A dairy farmer wants to mix a
20%
protein supplement and a standard
10%
protein ration to make
1200
pounds of a high-grade
15%
protein ration. How many pounds of each should he use?
by inspection , 15 is the average of 20 and 10
... so, equal amounts of the two
with algebra ... .20 x + .10(1200 - x) = .15 * 1200
To solve this problem, we can use the method of setting up a system of equations:
Let x be the pounds of the 20% protein supplement, and y be the pounds of the 10% protein ration.
Given:
x + y = 1200 (Equation 1) -- Total weight of the mixture is 1200 pounds.
0.2x + 0.1y = 0.15(1200) (Equation 2) -- Total protein in the mixture is 15% of 1200 pounds.
Let's solve this system of equations step by step:
Step 1: Solve Equation 1 for x:
x = 1200 - y
Step 2: Substitute the value of x in Equation 2:
0.2(1200 - y) + 0.1y = 0.15(1200)
Step 3: Simplify the equation:
240 - 0.2y + 0.1y = 180
Step 4: Combine like terms:
-0.1y = -60
Step 5: Divide both sides of the equation by -0.1 to solve for y:
y = -60 / -0.1
y = 600
Step 6: Substitute the value of y in Equation 1 to find x:
x + 600 = 1200
x = 1200 - 600
x = 600
So, the dairy farmer should use 600 pounds of the 20% protein supplement and 600 pounds of the 10% protein ration to make 1200 pounds of a high-grade 15% protein ration.
To solve this problem, we can use a system of equations. Let's call the number of pounds of the 20% protein supplement "x" and the number of pounds of the 10% protein ration "y".
Since the farmer wants to make 1200 pounds of a 15% protein ration, we can set up the following equation:
x + y = 1200 Equation 1
Next, we can calculate the protein content in each ingredient.
The 20% protein supplement contains 20% protein, which means it contains 0.20 * x pounds of protein.
The 10% protein ration contains 10% protein, which means it contains 0.10 * y pounds of protein.
To find the protein content in the final mixture, which is 15%, we multiply the total weight (1200 pounds) by the desired protein percentage (15%):
0.15 * 1200 = 0.20 * x + 0.10 * y Equation 2
Now we have a system of equations:
x + y = 1200
0.20 * x + 0.10 * y = 0.15 * 1200
To solve this system, we can use substitution, elimination, or matrix methods. Let's solve it using the substitution method.

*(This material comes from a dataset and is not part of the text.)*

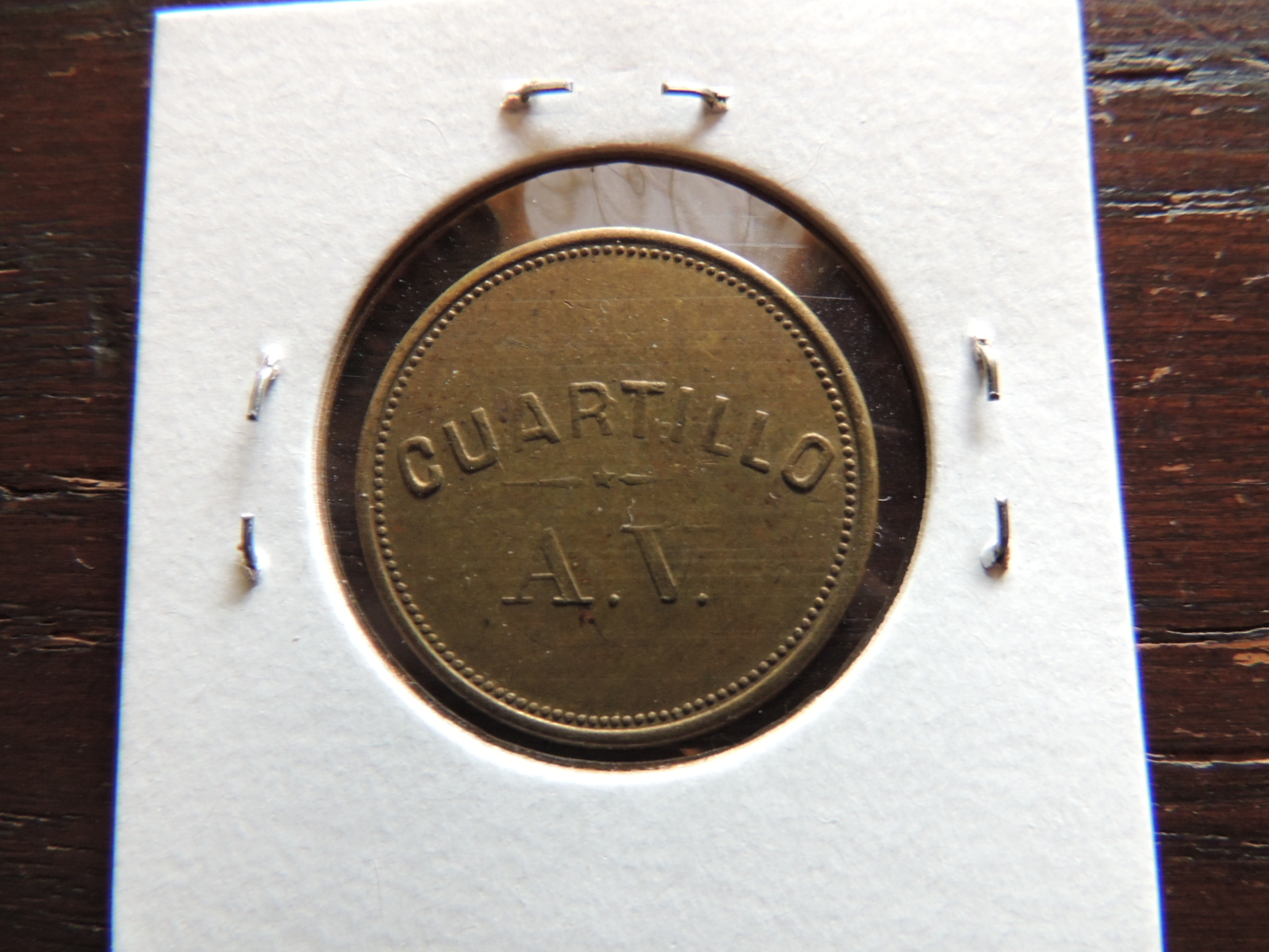 Hello, here is the coin in question. The Cuartillo A.V. side looks normal to me but the other side makes me think this coin is old. Also, the obverse and reverse have a 90 degree rotation difference like any US coin. I would say the token is made of brass. Online research has not helped me. Thanks for the help!

From Equation 1, we can isolate x:
x = 1200 - y
Now substitute this value of x into Equation 2:
0.20 * (1200 - y) + 0.10 * y = 0.15 * 1200
Multiply both sides by 100 to remove the decimals:
20 * (1200 - y) + 10 * y = 15 * 1200
Now distribute and simplify:
24000 - 20y + 10y = 18000
Combine like terms:
-10y = -6000
Divide by -10:
y = 600
So, the farmer should use 600 pounds of the 10% protein ration.
Now substitute this value of y back into Equation 1 to find x:
x + 600 = 1200
x = 600
Therefore, the farmer should use 600 pounds of the 20% protein supplement.
To summarize, the dairy farmer should use 600 pounds of the 10% protein ration and 600 pounds of the 20% protein supplement to make 1200 pounds of a high-grade 15% protein ration.